I need Tee Pee for my ....

doc photo said:
Just finished The Bloody Crown of Conan collection that covers Howard's middle period Conan stories. I have now read every Conan story written by REH. Sometime in the future I plan on re-reading the stories in chronological order as they occurred in Conan's life as opposed to order in which they were written.

Wow, I just picked up a complete REH collection of Conan this week.

I read most of his History of Conan's world and the first two stories in it. I presume they are in the order Howard wrote them, as the first two stories are about Conan the King. Phoenix on the Sword and the Scarlet Tower. It's a long time since I read any Howard, but I was surprised how well written the two stories were. I'll be sad if they are the only King Conan stories. There is a nice disconnect between his personality and his station in these two tales.

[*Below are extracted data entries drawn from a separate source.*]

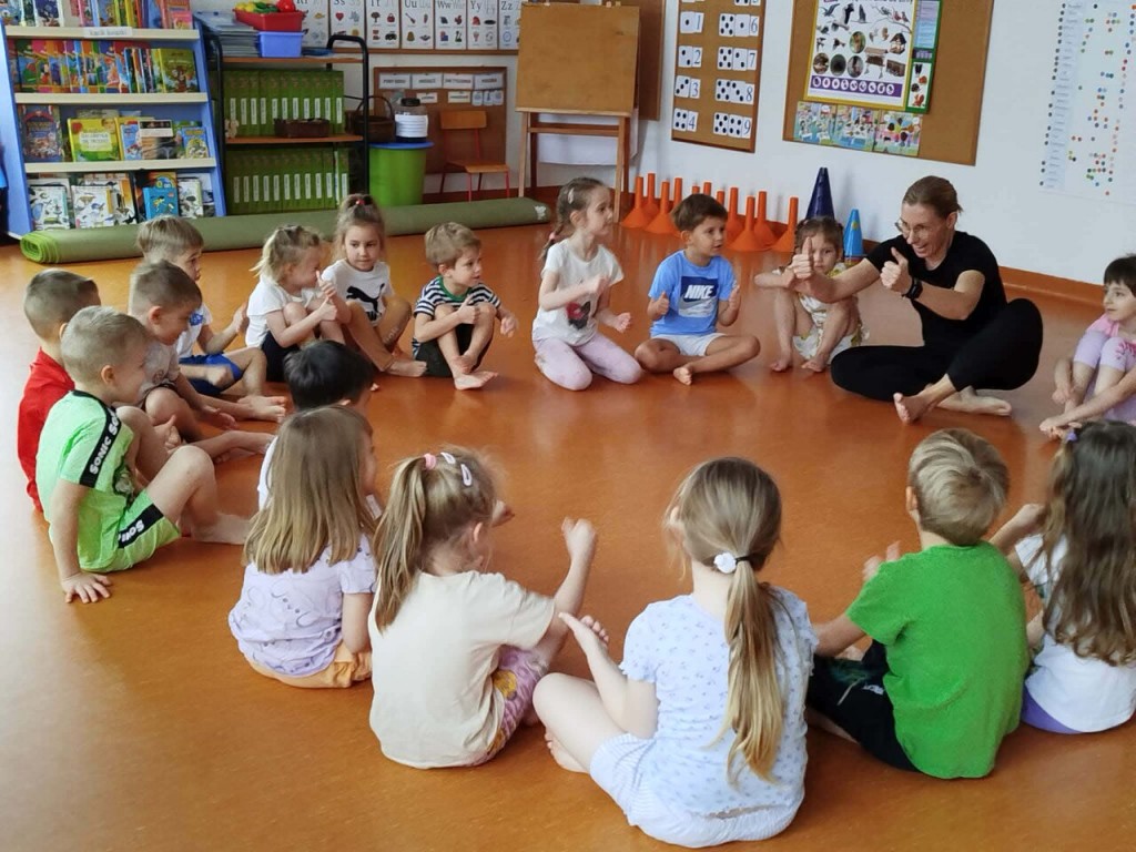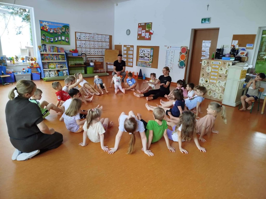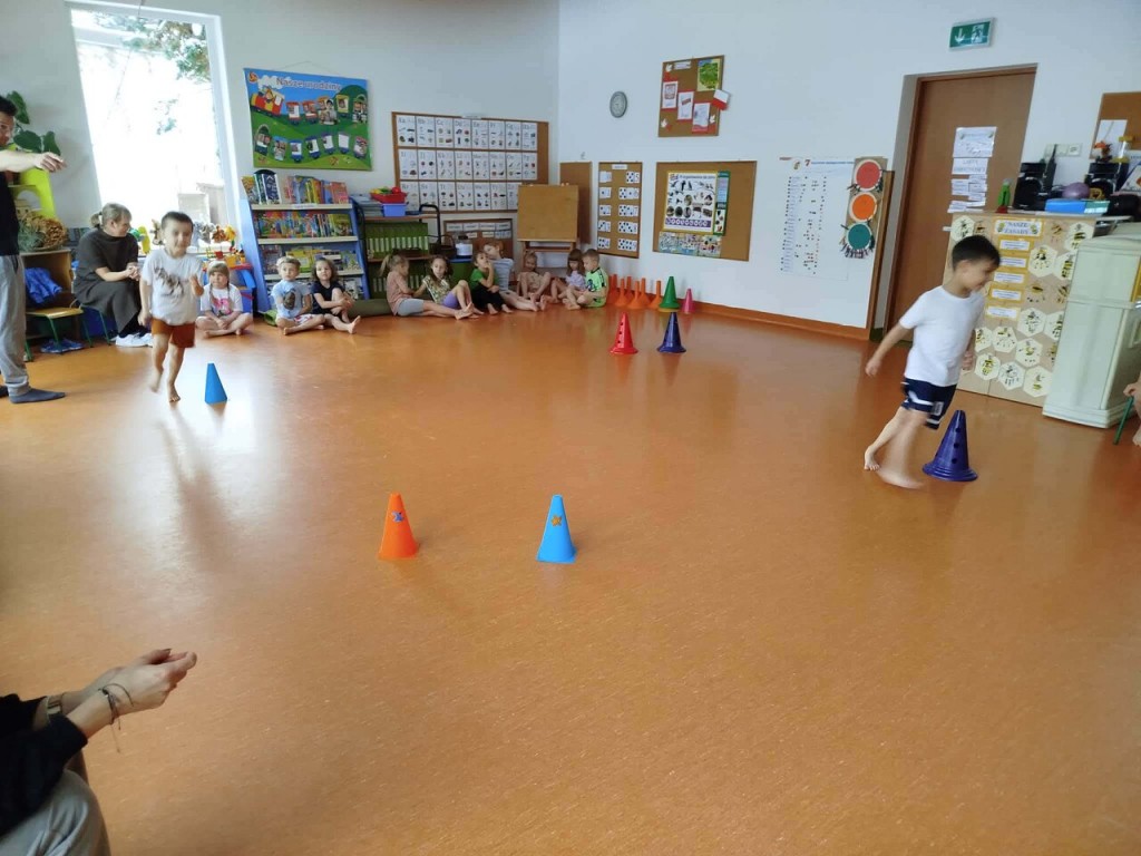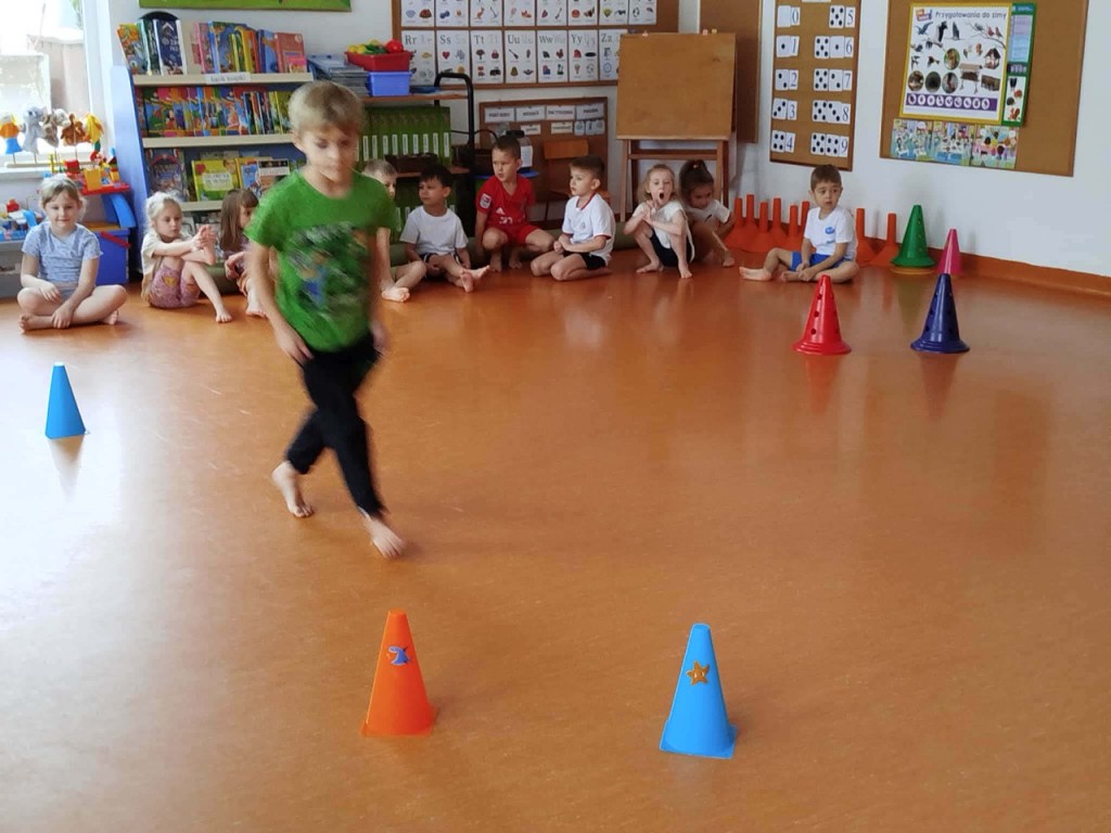 W tym miesiącu gościliśmy panią Magdalenę i pana Pawła tylko raz, ze względu na przerwę świąteczną. Podczas proponowanych ćwiczeń pojawiły się m.in. biegi z przeszkodami, skakanie przez gumę czy rzucanie piłką do celu. Dzięki tym zabawom uczymy się kontrolować swoje ciało, poprawiamy koordynację ruchową oraz rozwijamy umiejętności manualne.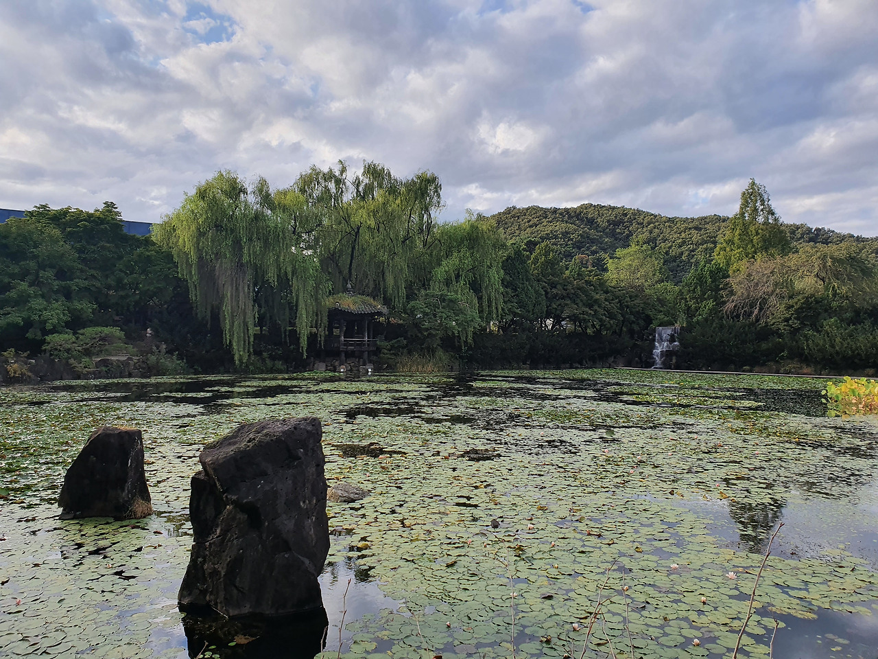 이번에 가 볼 장소는 여기 수목원이 시작된 장소인 벽초지 호수를 따라 산책길이 이어지고 동양풍의 정자와 물레방앗간이 있는 감동의 공간이다. 서양에서 동양으로 걸음 한 번으로 이동할 수 있다. 개인적으로는 신화의 공간보다 여기가 훨씬 나았다. 길가에는 버들나무가 흩날리고 있고, 호수에는 수련이 아름답게 자라 마치 모네의 지베르니 정원의 동양판이 이렇구나 느낄 정도였다. 걷는 걸음마다 또 풍경은 다양한 경관을 연출해서 눈을 감을 새가 없었고, 카메라의 셔터는 멈출기미가 보이지 않았다.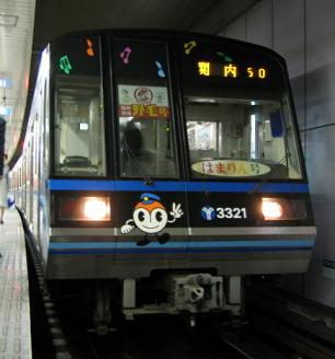 | 30代目(2006/11/19〜2006/12/10) 開港150周年ラッピング電車(あざみ野駅) |
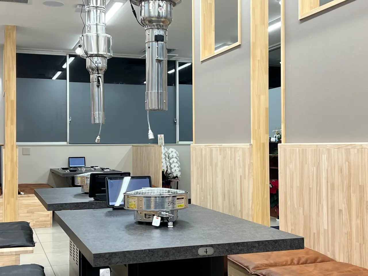 店内はシンプルなつくりながら、テーブル席が数卓と個室もあり。大衆的で入りやすい雰囲気の焼肉店ですが、テーブルごとに換気ダクトが設置されており、匂いが気になる方にも嬉しいポイント。
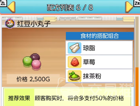 首先,抹茶粉可以与其他材料合成新的食物。例如大家所喜爱的红豆小丸子,便是由抹茶粉、草莓以及琼脂所制作成。售价为2500金币,特别是顾客购买时,还会多获得50%的金钱,让你获得源源不断的经济收入。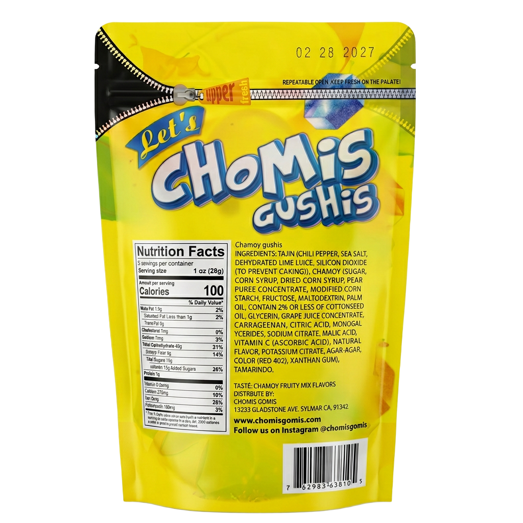 Chomis Gomis chamoy gummies use a special blend of spices, chilies and homemade chamoy that guarantees your taste buds will be going crazy. The delightful experience offers distinct and delicious notes of sweet AND sour flavors that will make your mouth water. Relive you favorite childhood snack with a tangy twist. Each gushers gummy is packed with different flavors and sensations that will satisfy your cravings for tangy and sweet. First you get hit with a tasty sour flavor, followed by a powerful burst of chili spice that is calmed by the sweetness of sugary syrup within. Each pack comes in a resealable bag perfect for work, home, or travel. Our gummies are handmade in the USA in small batches to ensure we achieve the same great taste and quality. Over the years, we have carefully perfected our special chamoy mix that gives our gummies their rich salty, sweet, sour, and spiced chili flavors. The fusion of sweet fruity gummy flavors and our spicy blend chamoy flavor complement each other perfectly. Grab a bag and enjoy the flavor adventure!
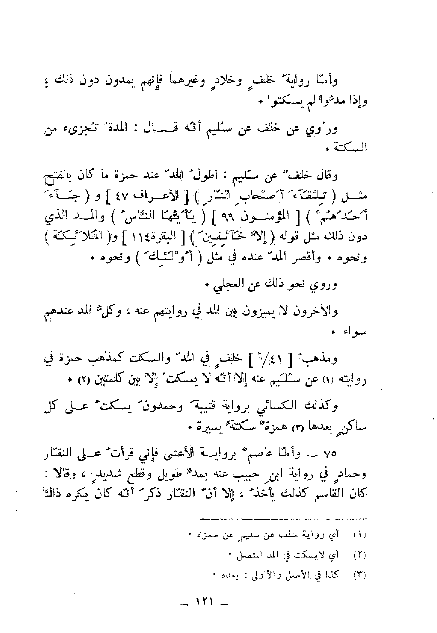 وقال خلف عن سليم: أطول المد عند حمزة ما كان بالفتح مثل {تِلْقَاءَ أَصْحَابِ النَّارِ} [الأعراف 47] و {جَاءَ أَحَدَهُمُ} [المؤمنون 99] {يَا أَيُّهَا النَّاسُ} والمد الذي دون ذلك مثل قوله {إِلَّا خَائِفِينَ} [البقرة 114] و {الْمَلَائِكَةِ} ونحوه. وأقصر المد عنده في مثل {أُولَئِكَ} ونحوه.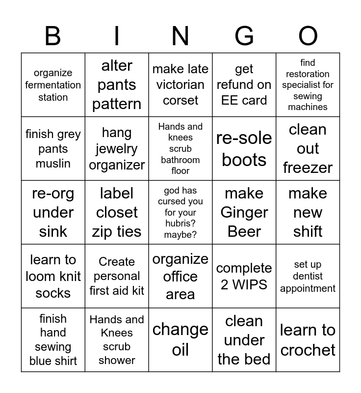 This bingo card has a free space and 24 words: Create personal first aid kit, Hands and Knees scrub shower, Hands and knees scrub bathroom floor, finish hand sewing blue shirt, find restoration specialist for sewing machines, organize fermentation station, finish grey pants muslin, alter pants pattern, make Ginger Beer, organize office area, re-sole boots, re-org under sink, complete 2 WIPS, set up dentist appointment, hang jewelry organizer, clean under the bed, make new shift, make late victorian corset, clean out freezer, label closet zip ties, learn to crochet, learn to loom knit socks, get refund on EE card and change oil.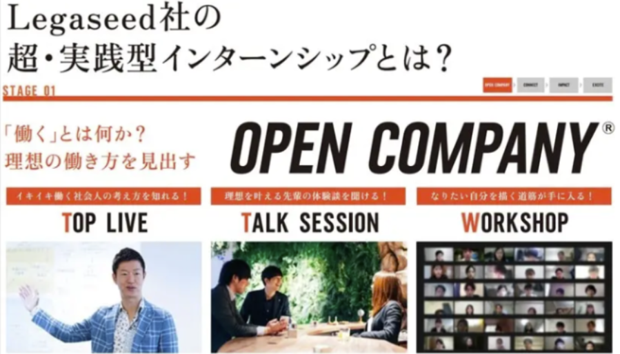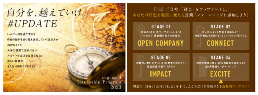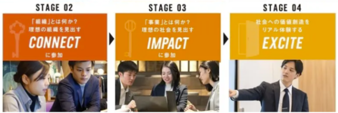 また、インターンシップでは4つのステージを設け、理想の働き方、生き方を見つける機会から、会社経営において重要な「組織」と「事業」両方の理想を実現するためのスキルを磨き、力量を試す機会まで段階的に成長を感じられるフローを企画しています。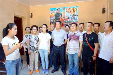 为加强党性教育,推动“两学一做”学习教育深入开展,近日,县质监局组织支部全体党员及入党积极分子前往万峪河乡开展“支部主题党日”活动。活动当日,全体党员整齐佩戴党员徽章,唱国歌、重温入党誓词,并诵读党章。通过学习党章党规和习近平总书记系列重要讲话精神,使党员们进一步坚定理想信念,明确自己的职责和身份,以实际行动,做工作的务实者,做合格党员。图为该局党员及入党积极分子正在诵读党章。 (王烁 摄)

It contains Red Nails. Is that the novel that Howard wrote, or is it just an especially long story? If not, what's the name of the novel?

It's a nice collection. Large size, with semi-hard covers and the little ribbon place-keeper like an old book. I was also chuffed as a comics fan to see that it was illustrated by John Ridgeway, but maybe not at his full rate as they are quite sketchy. I wouldn't have matched him to Conan, but the pictures are interesting as a curiosity.

The essay on the history is full of half-baked racist ideas, concerning the purity, vitality and indomitable spirit of certain northern-originated races over other races who seem doomed to be enslaved again and again. It's a pity as he is also very insightful about how history happens in waves of invasions and empires that fall through internal pressures rather than outside causes.

Oh, and of course, like all the best people - Barack Obama, Muhammed Ali etc, Conan is Irish! At the end of the essay he says that the Cimmerians were the ancestors of the fighting Irish and Scots stock.

Figs, Phoenix on the Sword was the first Conan story.Though it started life as a King Kull tale, Howard switched protagonists. There were however a number of stories written prior to Scarlet Citadel, so the ordering of the stories is a bit odd. The Conan novel you may be thinking of was published in paperback as Conan the Conqueror, originally titled Hour of the Dragon it is one of Howard's best. Howard had written it with hopes of breaking into the UK where there was no market for his short stories.
I'll probably read the rest of the short stories. They are certainly enjoyable. I'll treat myself to the novel if I finish them. This is the first time I've read them in the order they were published (more or less!) I've just read tower of the elephant..
Still on Conan - almost finished 'Black Colossus' even though no-one/nothing answering to that description has yet appeared in the story.

My question is - are these stories now out of copyright or something? It's just the impression I'm getting from my collection. It's a neat enough publication and publishers I've heard of, but it was obviously printed to be sold cheaply.

(The price sticker says "$29.99 - reduced to $7.99" but they aren't fooling me...)
The Conan collections published by Del Ray indicate copyright is held by Conan Properties LLC, and the Conan name is trademarked.
Rob Staeger said:
Just started reading The Yiddish Policemen's Union by Michael Chabon. So far, I'm enjoying this strange mix of alternative history and police procedural.

I started on this yesterday myself.
I've been reading Thomas Pynchon's novel Inherent Vice. For Pynchon, it's a relatively straightforward detective story. Still has the usual quirky characters, and a probable conspiracy behind everything. His last couple books were 1,000 page doorstops, which I didn't feel up to. But I've been enjoying this so much that I might go back and give the bigger ones a shot.